正しい日本語の理解、ビジネスマナーの知識、場の空気を読む力、ファシリテーション能力などを一通り備えたうえで、コミュニケーション能力を発揮しなければならないという難しいポジションです。

メディア、マーケットに対する知識

PR活動をするということは、テレビ、ラジオ、新聞、雑誌、Webなど、さまざまなメディアと関わりを持つことになります。

パブリシティを仕掛けるときそれぞれのメディアの特性とユーザ層、マーケットに対する影響力を理解しておくことは、とても大切なことです。

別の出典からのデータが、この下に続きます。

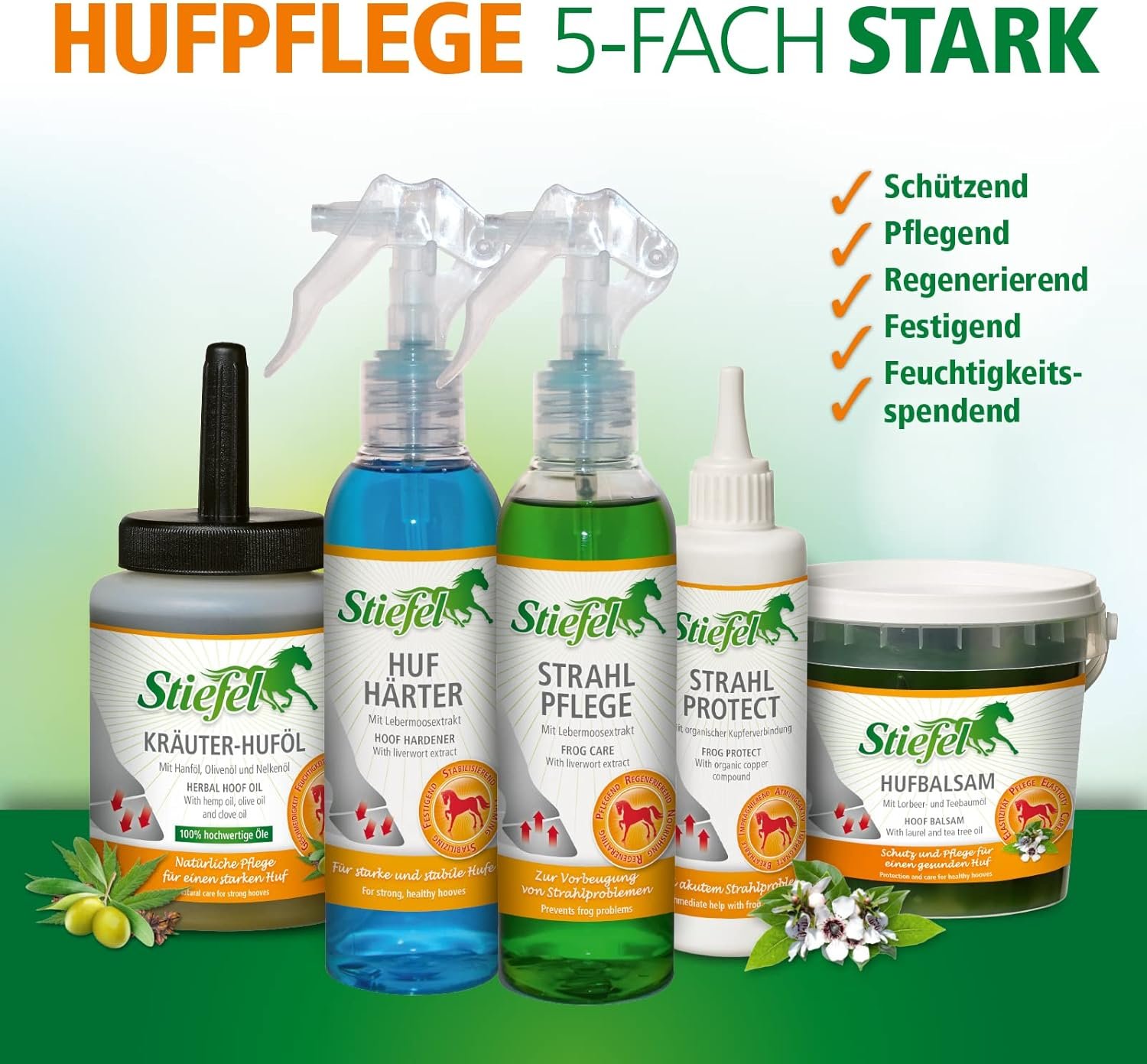 Hufpflege 5-fach stark: Egal wo das Problem liegt – Stiefel hat das richtige Produkt: zum Schutz, zur Unterstützung oder einfach zur natürlich sanften Pflege.

たとえば、PRしたい商品やサービスが「20代~30代の女性」という明確なターゲットを持っている場合、どんなメディアと組んでPRを仕掛けていくのが一番効率的なのか、そして相性が良いのか、というのは勉強しておかなければなりません。

あわせて、それぞれのメディアではどのような情報が好まれるのか予習しておけば、プレスリリースを出し分ける際の参考になるかと思います。テレビであれば画像を含めインパクトを重視した情報を、ラジオだったらイメージを膨らませやすい心に響くようなキャッチフレーズを用意するなど、メディアごとの準備をしましょう。

“見た目”への意識

企業のPR担当者は、ある意味で「看板役」です。たとえメディアに顔出しをしていなくても、人と会う機会は多いですし、社内に与える印象も小さくありません。人に好かれるための「清潔感」だったり「愛嬌」というものも重要です。

もちろん顔出しをする場合は特に気を遣うべきで、企業を代表してPRをおこなう立場である以上、身だしなみはどんな社員よりも大切になります。

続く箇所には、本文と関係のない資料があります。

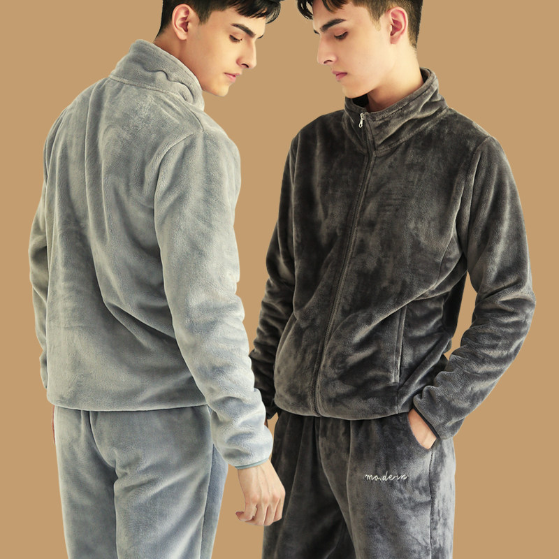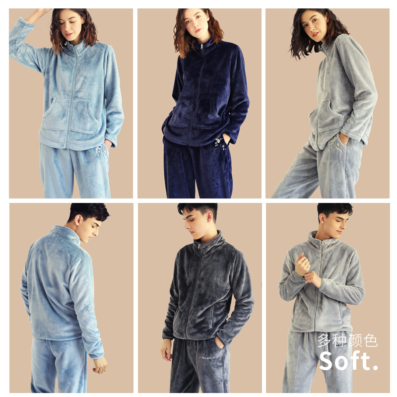 2021 new autumn and winter thickened and gushed coral suede male and female sleepwear flannel lovers winter upscale suit

補助的な要素としては、「容姿」もポイントになります。PR担当者の容姿が良いというのは、やはりメディア露出を考えるうえでは武器になりるからです。もちろん容姿といっても、イケメン、美女である必要はありません。キャラクターとして特徴がある、という意味での容姿です。(愛嬌などが近いかもしれません。)

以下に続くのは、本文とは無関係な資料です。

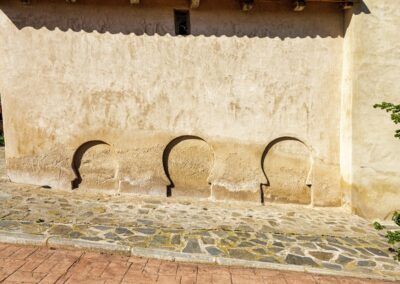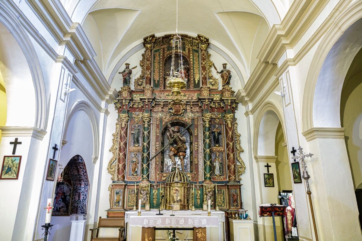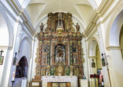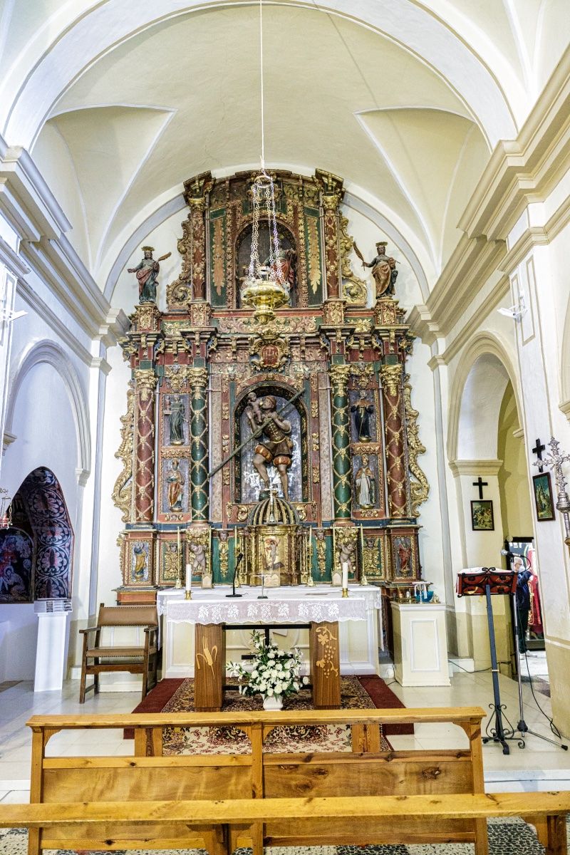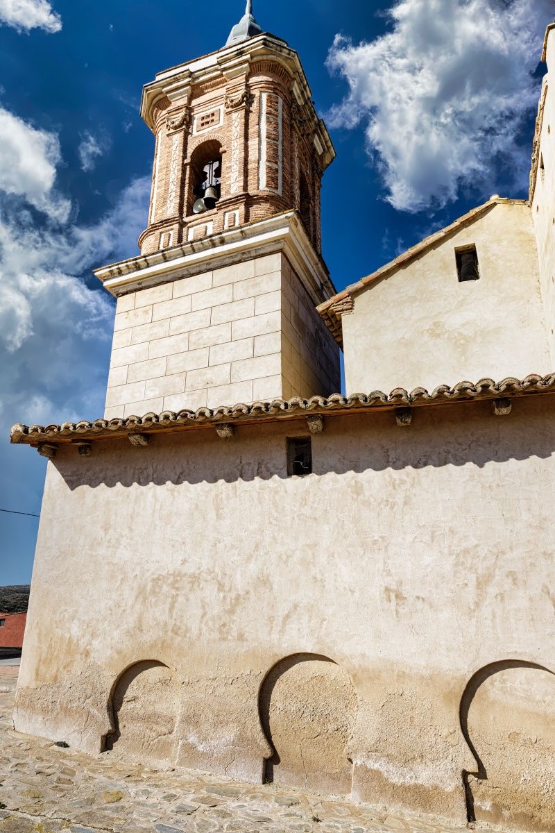 Lo destacable de esta iglesia es que se conservan los restos de la antigua mezquita sobre la que se construyó; son los restos de una torre sencilla y solo decorada con ataifores, en cuyo interior está la capilla de San Bartolomé, y unos arcos de herradura cegados en el muro de la cabecera que, según algunos estudiosos, corresponderían a los restos de una mezquita no anterior al último tercio del siglo X.

これがあれば親しみが生まれやすくなりますし、ファンとのコミュニケーションが円滑に進むきっかけとなることもあります。

まとめ

いかがでしたでしょうか。

いくつか特殊な事例を踏まえながらの説明となりましたが、これから企業のPR担当を目指したいという方・新しく担当になられた方は、PRのさまざま事例を知識として持っておくことも必要です。

今回紹介したようなPRに対する考え方や大切なポイントを意識しつつ、世の中のさまざまな事象に興味を向け、トレンドに対する知見を深めていきましょう。

とはいえ最終的にPR担当者として成功できるかどうかは、商品やサービスに対してだけでなく、自社に対する理解と愛情を持てるかどうかにかかってきます。必要な知識とスキルを身につけることはもちろんですが、自社をPRすることに対し、どれだけ「やりがいと愛情」を感じることができるかが、担当者個人にとっては何よりも重要な基礎と言えるかもしれません。

以上、最後までお付き合いいただきありがとうございました。それでは、また。